But are these truly exceptions? Or are they the result of subtler rules French learners are rarely taught explicitly?

I don't know what the precise rules or patterns actually might be. But one fact that jumped out at me is that -mal and -nal start with nasal consonants and three of the "exceptions" end in -val.

▲

cwizou

1 day ago

[-]

No, like parent says, with many things in French, grammar and what we call "orthographe" is based on usage. And what's accepted tends to change over time. What's taught in school varies over the years too, with a large tendency to move to simplification. A good example is the french word for "key" which used to be written "clef" but over time moved to "clé" (closer to how it sounds phonetically). About every 20/30 years, we get some "réformes" on the topic, which are more or less followed, there's some good information here (the 1990 one is interesting on its own) : https://en.wikipedia.org/wiki/Reforms_of_French_orthography

Back to this precise one, there's no precise rule or pattern underneath, no rhyme or reason, it's just exceptions based on usage and even those can have their own exceptions. Like "idéals/idéaux", I (french) personally never even heard that "idéals" was a thing. Yet it is, somehow : https://www.larousse.fr/dictionnaires/francais/idéal/41391

▲

speed_spread

1 day ago

[-]

Errr. French is _not_ based on usage but has an official rulebook that is maintained by L'académie de la langue française. Obviously nobody is coming after you if you don't respect the rules but there absolutely is a defined standard. This makes French useful for international standards and treaties because the wording can be very precise and leave much less to interpretation.
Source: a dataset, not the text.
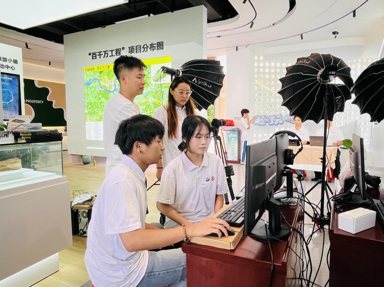 “‘趣’玩白盆珠,点赞深职大!”直播间里传来一阵阵呐喊声,这是“红金蓝绿”农文旅直播突击队正在直播的瞬间。这支突击队通过前期对白盆珠镇文旅资源的挖掘分析以及实地走访,以大学生视角选取了有代表性、符合年轻人文旅偏好的特色景点及线路,充分结合影视传媒的专业特长,直播间累计观看量6300余人次,点赞量7w+。

To my knowledge there aren't that many languages that are managed as officially as French is.

▲

cwizou

23 hours ago

[-]

Sure, sorry I left that part out.

The Académie tried to codify what was used at the time (which varied a lot) to try and create a standard, but that's why there's so many exceptions to the rules everywhere : they went with "tradition" when creating the system instead of logical rules or purer phonetical approach (which some proposed).
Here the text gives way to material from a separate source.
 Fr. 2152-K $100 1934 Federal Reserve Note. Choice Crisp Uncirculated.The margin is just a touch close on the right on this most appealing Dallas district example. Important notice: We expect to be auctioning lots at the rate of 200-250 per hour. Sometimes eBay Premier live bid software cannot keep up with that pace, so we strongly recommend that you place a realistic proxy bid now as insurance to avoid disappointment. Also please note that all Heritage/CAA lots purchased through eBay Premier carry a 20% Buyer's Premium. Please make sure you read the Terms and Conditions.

There's a bunch of info on the wikipedia link about it, and how each wave or "réforme" tries to make it simpler (while still keeping the old version around as correct).

Each one is always hotly debated/rejected by parents too when they see their kids learning the newly simplified rules.

Recently, the spelling of onion in french went from "Oignon" (old spelling with a silent I) to "Ognon" (simplifying it out), and event that one made me have a "hmm" moment ;)

▲

epolanski

1 day ago

[-]

If it is like Italian, my native language, it's just exceptions you learn by usage.

▲

makapuf

1 day ago

[-]

I've never heard of such a rule (am native), and your reasoning is fine but there are many common examples : cheval (horse), rival, estival (adjective, "in the summer "), travail (work, same rules for -ail words)...

▲

Muromec

1 day ago

[-]

Declesion patterns are kinda random in general.

▲

realo

1 day ago

[-]

Indeed not always rational...

cuissots de veau cuisseaux de chevreuil

▲

kergonath

19 hours ago

[-]

I think you got it backwards ;)

In any case, this is (officially) obsolete now.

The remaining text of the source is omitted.